Anyway, I will keep pacing the commits in a way that allows you to review, find potencial problems and suggest fixes.

Cheers.

I think it is necessary to add the base form of words to the list like:

oo o NCMP000
cãos cão NCMP000
cãos cão AQ0MP0
umas umar VMIP2S0

I will fix that accordingly. Only momments ago, I downloaded the git copy. When I fell more confident with git I will push the updated version.

@tiagosantos

Hello!

Yesterday, I kind of finished my thesis+project, so I opened the thesis with LibreOffice and LT.

I spent hours creating a list of missing words for the pt_PT speller from Minho University (who replied saying they will add them when they have the time).

I will try soon to post here a list of possible false positives, maybe after the nightly.

All I remember was that “NATO” gave a gender error, so moments ago I went to the morphological page and it appears as a normal word:
NATO nato AQ0MS0

because it recognises it as a normal word only and not as the NATO organisation.

Could you add “NATO” as well?

Thanks!

Kind regards,

Hello Marco,

Congratulation on the completion of your thesis.

The best way is to add them yourself, since there are always more words that can be added.
They should be placed in languagetool-language-modules/pt/src/main/resources/org/languagetool/resource/pt in the file added.txt.
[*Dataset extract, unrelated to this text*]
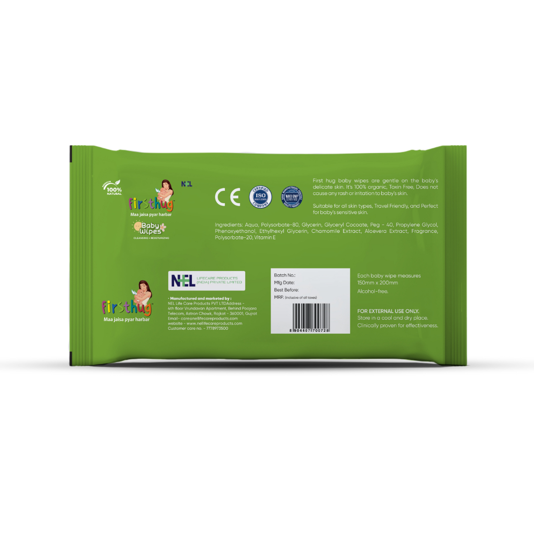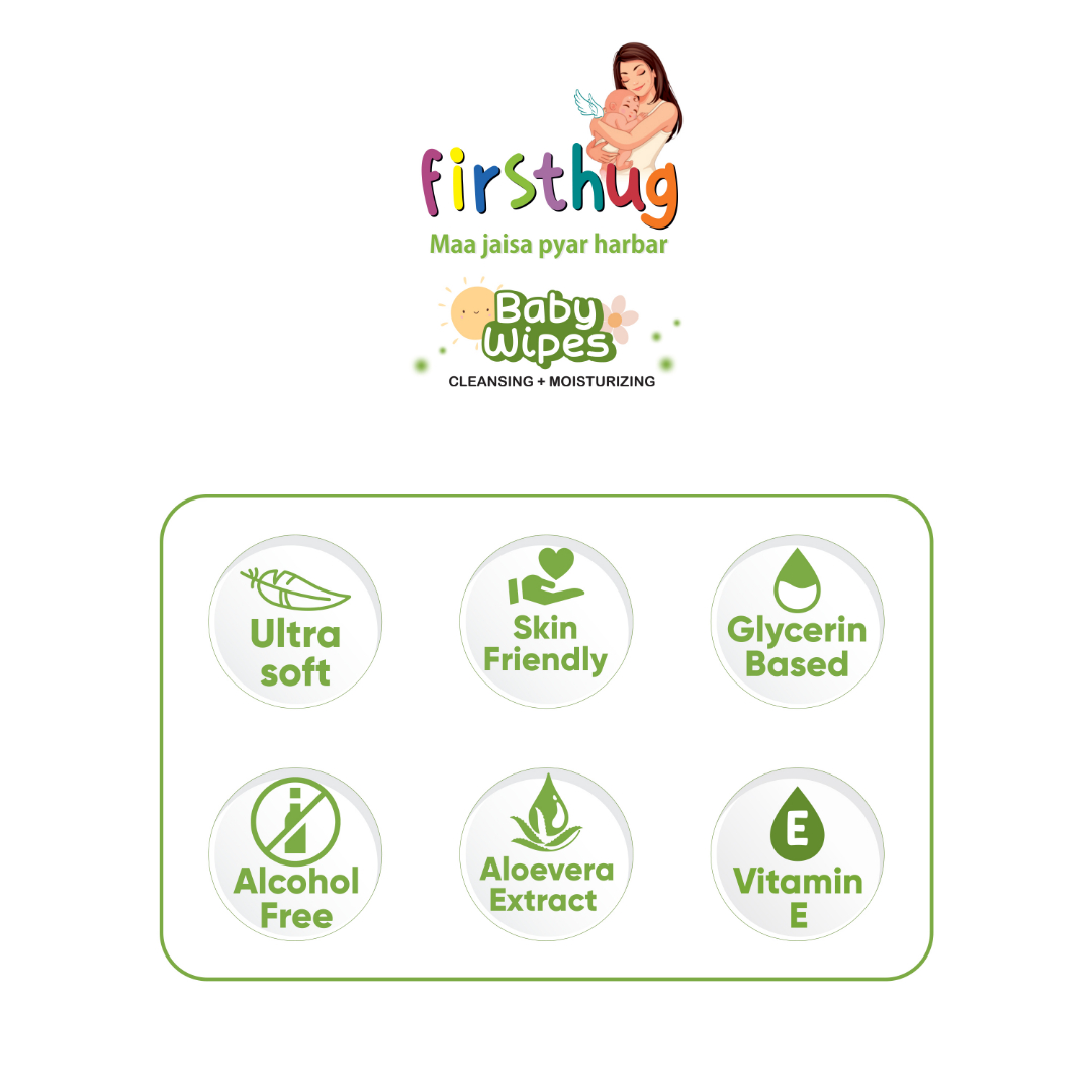 Every baby deserves a gentle touch — and that’s exactly what Firsthug Baby Wipes deliver. Infused with soothing Aloe Vera Extract and made from premium, ultra-soft fabric, these wipes cleanse your little one’s delicate skin with the perfect blend of care, comfort, and freshness.

Do not forget the lemma and that in this file, columns must be tab separated.

It would also be interesting if you get acquainted with:
http://wiki.languagetool.org/archive-developing-a-tagger-dictionary
http://wiki.languagetool.org/developing-a-tagger-dictionary

These additions and removals work better if they are integrated in the main morphological dictionary and synthetizer, after a reasonable test period in the added.txt and removed.txt files.

Having a separate project with those lists (in text files so they can be reviewed) and updating the binaries only once each realease, similar to the work in German and Catalan projects, would be ideal.

Best regards

Regarding
NATO nato AQ0MS0 you could add the tag
NATO NATO NP0FS0 and it would fix gender concordance false positives, but I am not sure it would not introduce other errors in the ‘nato’ adjective. If I am not mistaken, the speller and rules are not case sensitive. Either way, it is a good addition.
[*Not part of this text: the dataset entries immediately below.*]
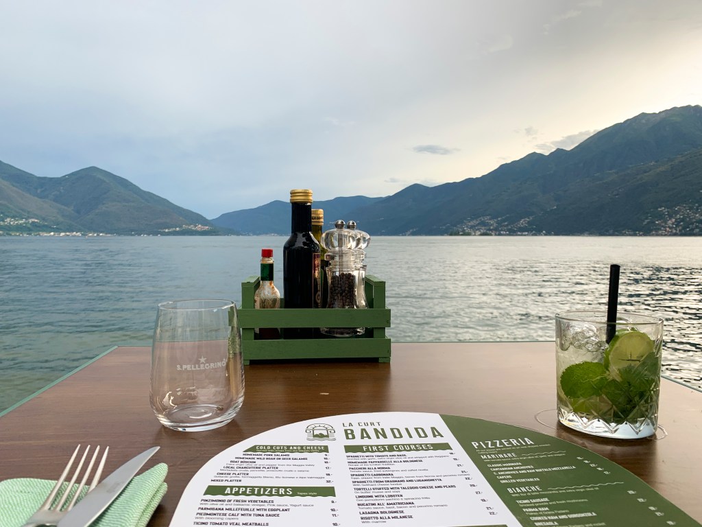 The first night in Ascona I was eager to get out and enjoy the warm weather. I made my way down to the lake which was a short walk from my hotel. The water was beautiful, the ‘boardwalk’ was lively and the weather was wonderful. I walked up and down the strip a couple times, taking it all in. I finally settled at a place where I had to wait about 15 minutes to get a table, but it paid off. I got a table alone right on the edge of the water and enjoyed my view for evening with good food and a $10 mojito.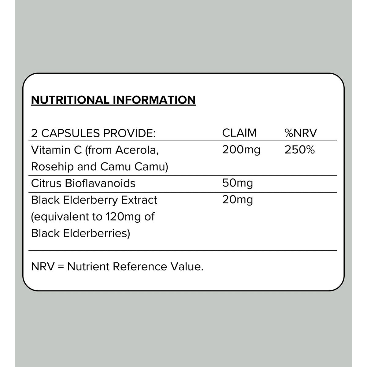 Acerola Cherry, Capsule Shell (Vegetable Cellulose), Camu Camu, Rosehip, Citrus Bioflavonoids, Black Elderberry, Rice Fibre, Rice Extract.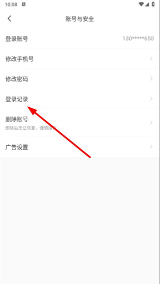 3、在賬號(hào)與安全頁(yè)面點(diǎn)擊登錄記錄選項(xiàng),進(jìn)入登錄設(shè)備查看頁(yè)面。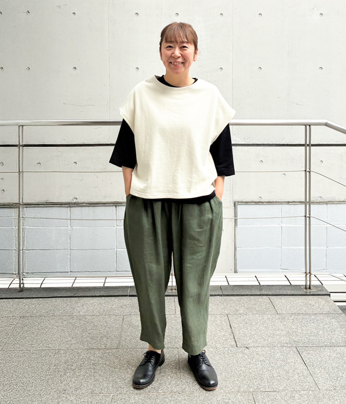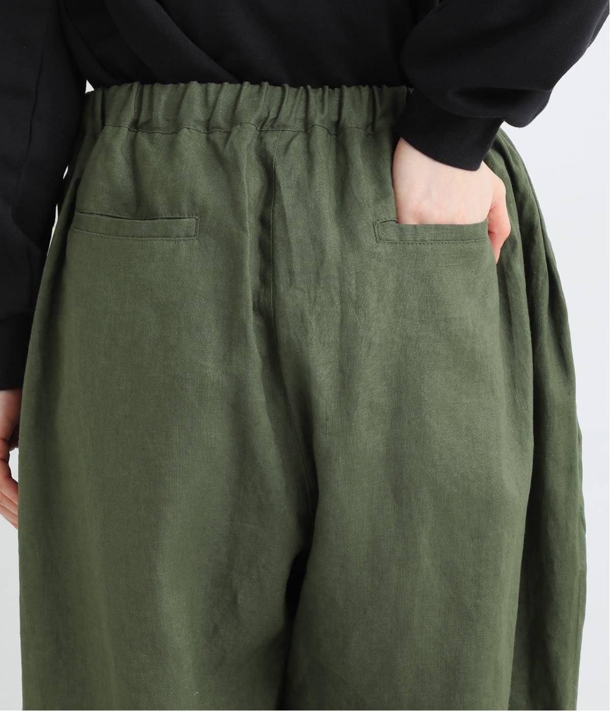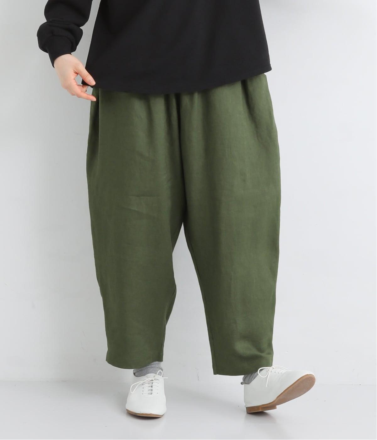 着丈選べる 平織リネンよくばりパンツ(カーキ-F)

Any specific reason you’re pointing to the archived version of the page? Doesn’t Developing a tagger dictionary - LanguageTool Wiki work?

No good reason. First link I gathered and read. I have not changed afterwards due to this:

The manual process of creating and exporting a dictionary is documented at the Archive.

I will add the new link as well to both posts.